Em dias mais gordos, um pé de galinha recheava a sopa de água, sal e fubá, juntamente com a couve. A couve secara no quintal e galinhas também já não mais cacarejavam por ali. Nem dinheiro, nem nada. Às vezes, coxinhas de rolinhas, caçadas no estilingue, faziam a vez da mistura. Cheguei a comer tico-tico, e disso nunca me esqueci, pois era uma dó que só, achava lindo os tico-ticos.

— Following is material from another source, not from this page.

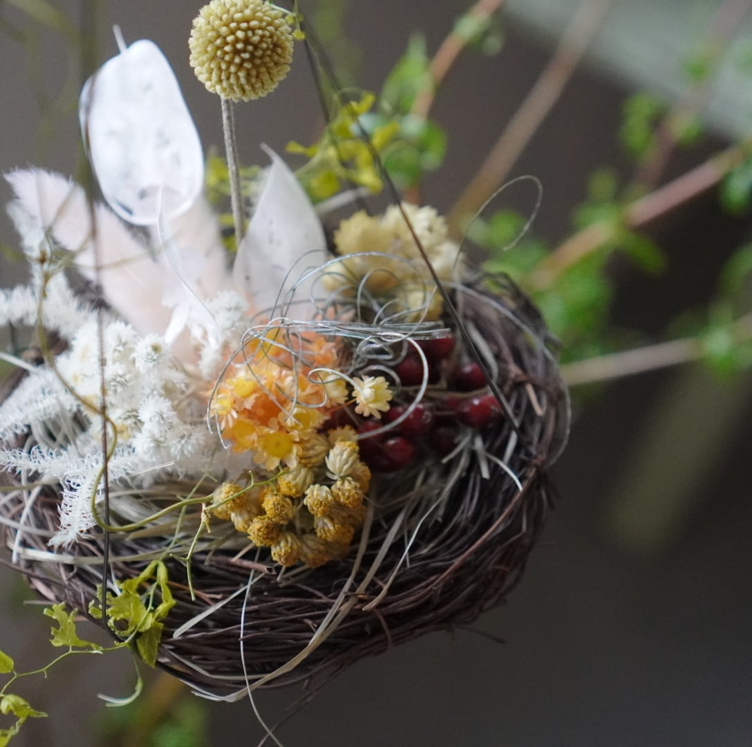 小さな鳥の巣のようなフォルムが愛らしい、

Mas não era dor de barriga, era fome.
Em algum momento, por esses piores dias, eu cheguei a falar pra Mãe que trabalharia muito pra termos sempre o que comer. E assim o fiz, desde os 12 anos, e há 30 sigo trabalhando muito, e tudo que, porventura conquistei não foi propriamente fruto do mérito ou da inspiração, foi fruto da raiva. Da raiva da fome.
E foi aí que eu entendi, pela primeira vez, esse verso em sua completude: “a fome tem que ter raiva pra interromper”... E as lágrimas, o arrebatamento em cantoria, eram frutos de muitas emoções misturadas, entre elas, a do torpor que a arte profunda provoca em nós e, provavelmente, só a música brasileira atinge comumente com a combinação entre música e poesia.
Só no Brasil, hoje, estima-se que são mais de 12 milhões que passam fome, sendo que 70 milhões de brasileiros tem alguma insegurança alimentar. Não dá pra dormir sossegado com esse ronco no ouvido.
Percebi que muito do que tenho feito e escrito na vida vem dessa raiva, sobretudo meu novo livro, que está pra chegar, é todo fruto dessa raiva. E também fruto do amor: amor pela justiça social e amor pelos “homi”, que com sua raiva e fome, faz coisas belas e terríveis.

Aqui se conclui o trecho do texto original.